La sala di Elena e Paride, insieme a quella Egizia, fu l'ambiente che riscosse maggiore successo al tempo della decorazione settecentesca della palazzina, per la partitura decorativa delle pareti e gli ornamenti del mobilio, che costituivano uno dei più precoci esempi romani di rielaborazione dell'antico.
La sala raggiunse la massima notorietà quando vi fu esposta, dal 1838 al 1881, la statua di Paolina Bonaparte (1780-1825) nelle vesti di Venere vincitrice.
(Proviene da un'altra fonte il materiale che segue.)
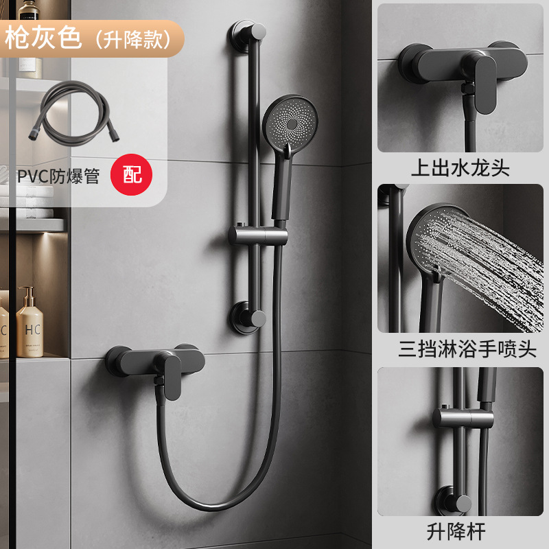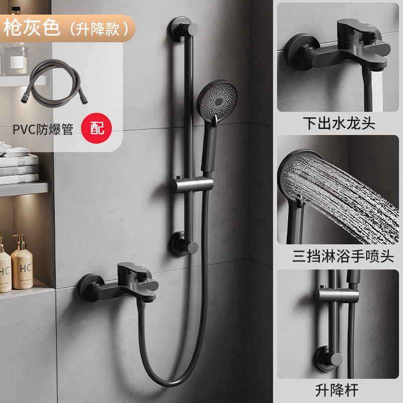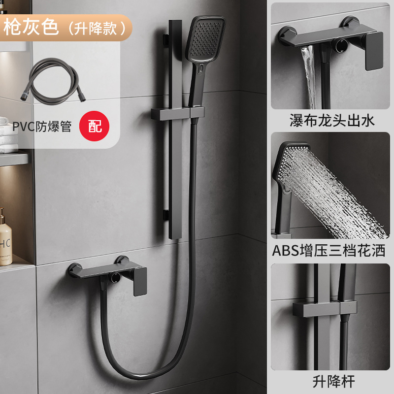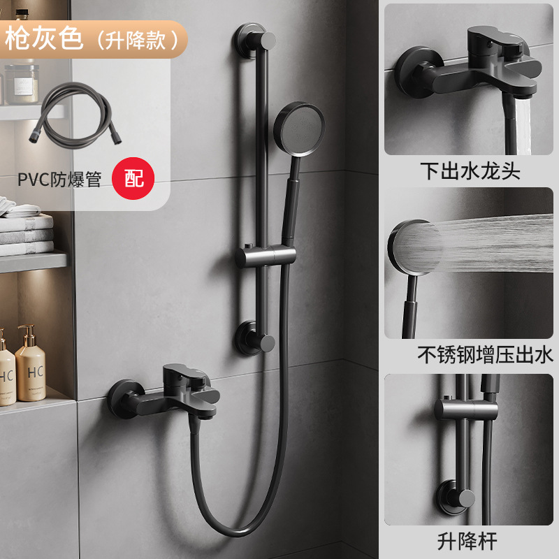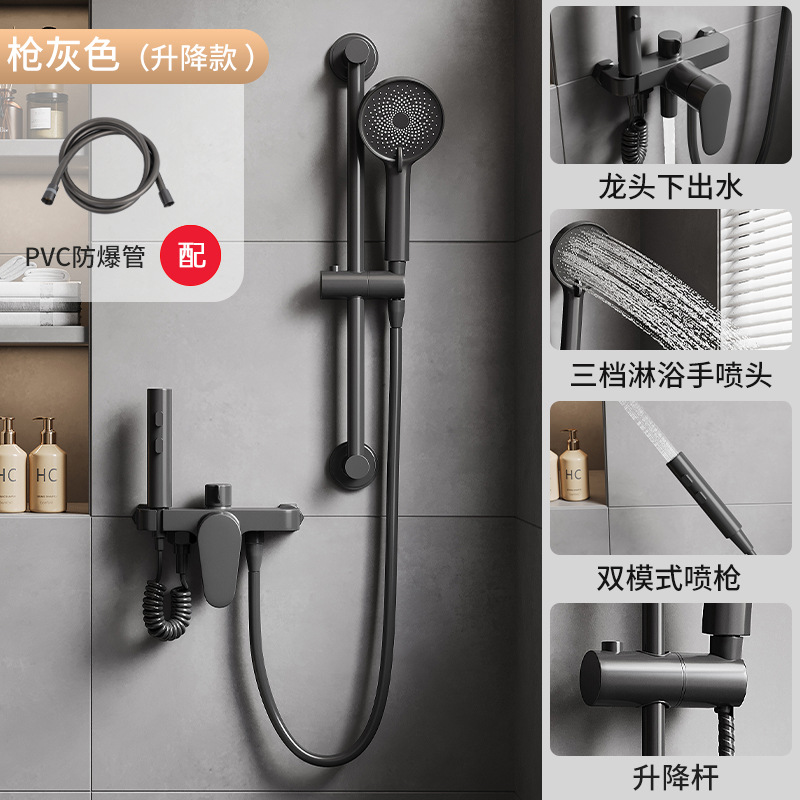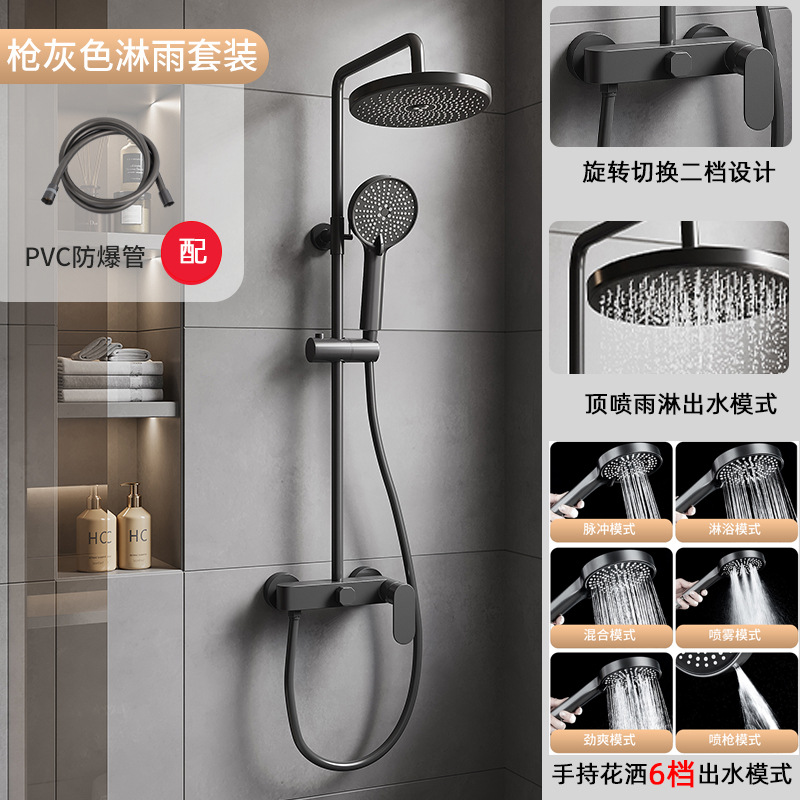 총 회색 샤워 수도꼭지 샤워 헤드 세트 샤워 헤드 욕실 욕조 뜨겁고 차가운 혼합 밸브 간단한 욕조 수도꼭지스토어 가기

Il capolavoro di Canova divenne il completamento ideale di quello che era già stato uno degli ambienti più celebrati per la squisita impronta neoclassica.
Il pittore e antiquario scozzese Gavin Hamilton (1723-1798) eseguì la decorazione della volta tra il 1782 e il 1784, ispirandosi all’Iliade. Al centro è la Morte di Paride tra Satiri e Ninfe, ai lati il Giudizio di Paride, Paride riceve lezioni di musica da Amore e Venere offre Elena a Paride che con il Ratto di Elena e la Morte di Achille vennero sostituite con quelle di Vincenzo Camuccini e Giovanni Piancastelli ( i due originali già trasferiti nel 1891 nel Castello Borghese di Pratica di Mare, si trovano oggi presso il Museo di Roma). Le partiture decorative della volta furono eseguite da Giovan Battista Marchetti (1730-1800).
La decorazione scultorea della sala fu realizzata da Agostino Penna (1728-1800), e Vincenzo Pacetti (1746-1820). Quest’ultimo è l'autore del camino in giallo antico, con decorazioni in bronzo di Antonio de Rossi (1782), e dei quattro rilievi sovrapporta, sempre in giallo antico, rappresentanti le divinità coinvolte nella guerra di Troia (Giove, Venere, Marte e Apollo).
Fra i dipinti esposti alcuni fra i più noti come la Caccia di Diana e la Sibilla di Domenichino (1581-1641); Enea che fugge da Troia e il San Girolamo di Federico Barocci (1535-1612). Si segnalano inoltre due tele di Giovanni Lanfranco (1582-1647), Giuseppe e la moglie di Putifarre e Norandino e Lucina nella tana dell’orco.
Al centro è la statua di Giovane mora con fanciullo e cane, in marmo bianco e nero antico e pietre dure, già riferita a Nicolas Cordier (1567-1612) e oggi attribuita alla bottega di Giovan Battista della Porta.